How do we see? The answer to this very old riddle of mankind has not been found yet...
Is it, nevertheless, possible to construct machines which see? We think: yes!
What do we need for technical vision systems?
Vision research is a truly interdisciplinary field; it employs models and methods from very different areas:
- Applied mathematics (statistics and estimation theory)
- Physics (optics and dynamics, as well as statistical physics)
- Computer science (software design and software systems engineering) and processing processing (information theory, pattern recognition)
- Electronics engineering (for the hardware substrate)
- Photogrammetry (when it comes to measuring, and dealing with errors)
- and a small quantum of philosophical reasoning, as well.
'Seeing is a process that produces a description from the pictures which we obtain from the outside. This description is useful to the person who sees and is not loaded with irrelevant information...'
(David Marr, MIT)
Hermann von Helmholtz, one of the most famous German physicists of the 19th century, has worked intensively on the process of seeing. He wrote:
'Any psychical activity which leads us to the perception that there is a certain object of a certain kind at a certain place outside ourselves generally is not a conscious but an unconscious one. As far as the result is concerned, such an activity seems to be a conclusion... So I will denote the psychological processes of ordinary perception as `unconscious conclusions`, since this name distinguishes the latter sufficiently from conscious conclusions.'
The goal of our current research work is the automatic generation of a physically meaningful description of scenes from image sequences. This description covers the geometrical structure, position relations and trajectories of objects (inclusive of possible ego-motion).

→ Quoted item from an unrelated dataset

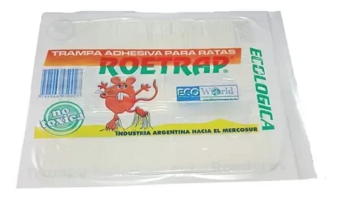 CARACTERÍSTICAS: es una trampa adhesiva para roedores, ecológica, descartable y no tóxica. Trabaja sin venenos ni aparatos mecánicos. Cuando las ratas y ratones corren sobre ROETRAP quedan atrapados y simplemente se deshecha la trampa. Contiene un poderoso adhesivo sólido que atrapa ratas, ratones y lauchas en sus recorridos habituales, eliminando la posibilidad de que mueran en lugares no deseados ocasionando malos olores, y ejerciendo así, un control efectivo día y noche. ROETRAP, no posee riesgos para niños ni animales domésticos porque no contiene venenos ni resortes, ni trae problemas en su transporte, almacenamiento o eliminación. Es no contaminante, ya que si el roedor atrapado es ocasionalmente ingerido por animales domésticos (gatos, perros, etc) no causa ninguna intoxicación.

Imagine your car is equipped with eyes in order to assist you in driving, or navigates autonomously in heavy traffic --- even at the Arc de Triomphe during rush hour...
A description of that kind permits, compact storage and efficient transfer of the underlying image signals. On the other hand, it makes possible to use camera and computer as a measuring instrument for dynamic processes and as an environmental sensor for autonomous systems (e.g. robots or vehicles).
Current work deals with the statistical modelling of object views and the appropriate motion trajectories, the robust estimation of 2D and 3D motion parameters. This all contributes to continuous incremental learning of an unknown environment from long image sequences: visual exploration.